ABOUT THIS EXERCISE:
Leave out the images and output the records word for word.

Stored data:
================
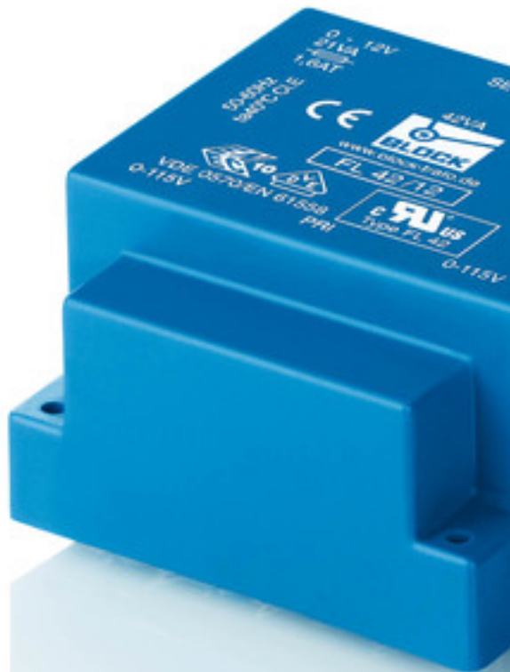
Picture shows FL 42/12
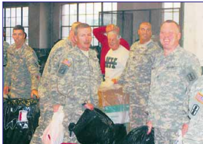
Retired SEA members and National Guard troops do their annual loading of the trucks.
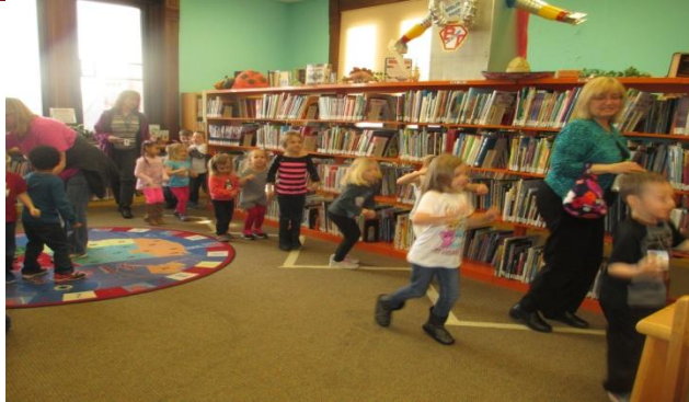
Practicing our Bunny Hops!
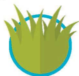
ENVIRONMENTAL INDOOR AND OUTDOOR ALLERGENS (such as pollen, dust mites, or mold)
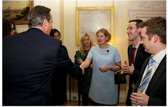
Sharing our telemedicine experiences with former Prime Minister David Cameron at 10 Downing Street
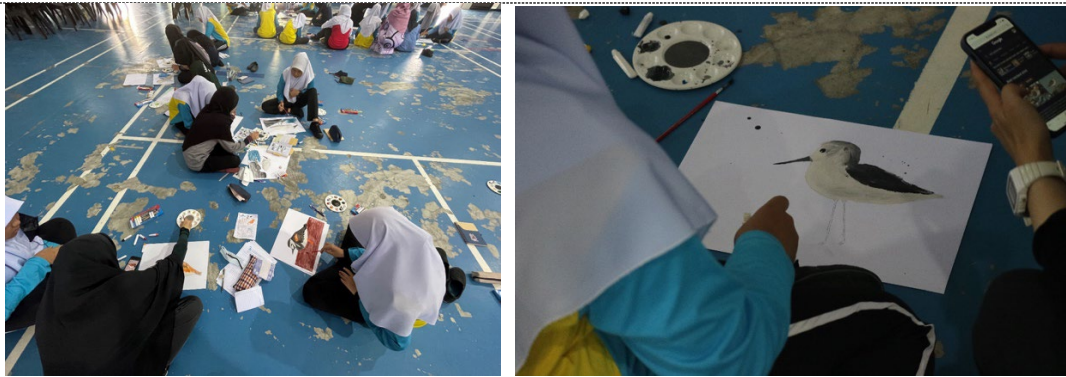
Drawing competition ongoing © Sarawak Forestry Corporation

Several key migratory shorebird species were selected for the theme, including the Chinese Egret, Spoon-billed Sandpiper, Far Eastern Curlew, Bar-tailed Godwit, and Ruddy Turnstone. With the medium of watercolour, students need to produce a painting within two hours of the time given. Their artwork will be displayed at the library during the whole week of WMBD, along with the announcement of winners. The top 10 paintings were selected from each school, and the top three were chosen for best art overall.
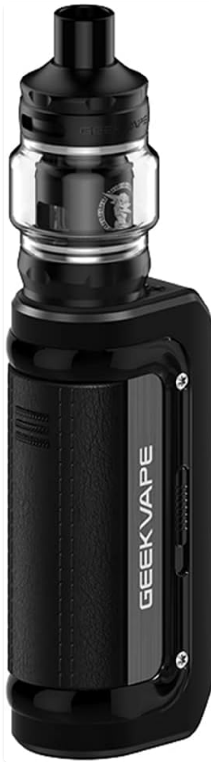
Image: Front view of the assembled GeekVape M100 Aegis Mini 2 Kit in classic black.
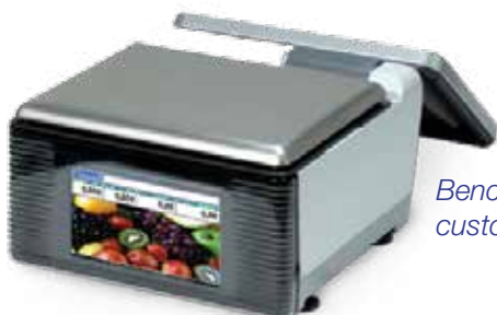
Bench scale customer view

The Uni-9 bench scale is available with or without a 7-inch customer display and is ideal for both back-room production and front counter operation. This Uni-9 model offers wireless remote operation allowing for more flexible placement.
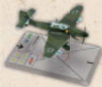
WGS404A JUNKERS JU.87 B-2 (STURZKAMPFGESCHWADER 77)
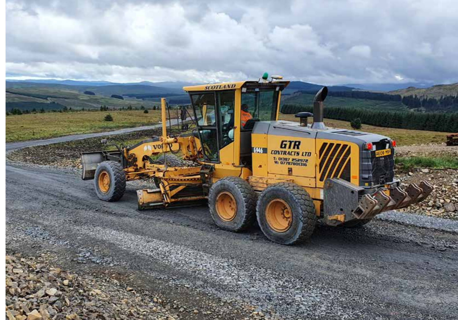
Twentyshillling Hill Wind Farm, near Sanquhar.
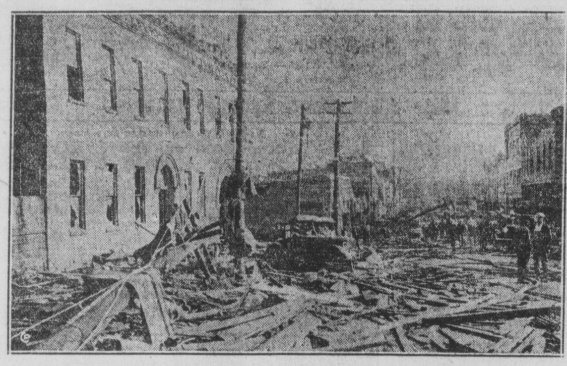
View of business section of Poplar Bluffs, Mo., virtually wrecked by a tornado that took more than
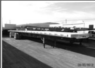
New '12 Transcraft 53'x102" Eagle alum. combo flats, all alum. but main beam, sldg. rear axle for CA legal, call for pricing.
================
EXERCISE OUTPUT:
Picture shows FL 42/12
Retired SEA members and National Guard troops do their annual loading of the trucks.
Practicing our Bunny Hops!
ENVIRONMENTAL INDOOR AND OUTDOOR ALLERGENS (such as pollen, dust mites, or mold)
Sharing our telemedicine experiences with former Prime Minister David Cameron at 10 Downing Street
Drawing competition ongoing © Sarawak Forestry Corporation

Several key migratory shorebird species were selected for the theme, including the Chinese Egret, Spoon-billed Sandpiper, Far Eastern Curlew, Bar-tailed Godwit, and Ruddy Turnstone. With the medium of watercolour, students need to produce a painting within two hours of the time given. Their artwork will be displayed at the library during the whole week of WMBD, along with the announcement of winners. The top 10 paintings were selected from each school, and the top three were chosen for best art overall.
Image: Front view of the assembled GeekVape M100 Aegis Mini 2 Kit in classic black.
Bench scale customer view

The Uni-9 bench scale is available with or without a 7-inch customer display and is ideal for both back-room production and front counter operation. This Uni-9 model offers wireless remote operation allowing for more flexible placement.
WGS404A JUNKERS JU.87 B-2 (STURZKAMPFGESCHWADER 77)
Twentyshillling Hill Wind Farm, near Sanquhar.
View of business section of Poplar Bluffs, Mo., virtually wrecked by a tornado that took more than
New '12 Transcraft 53'x102" Eagle alum. combo flats, all alum. but main beam, sldg. rear axle for CA legal, call for pricing.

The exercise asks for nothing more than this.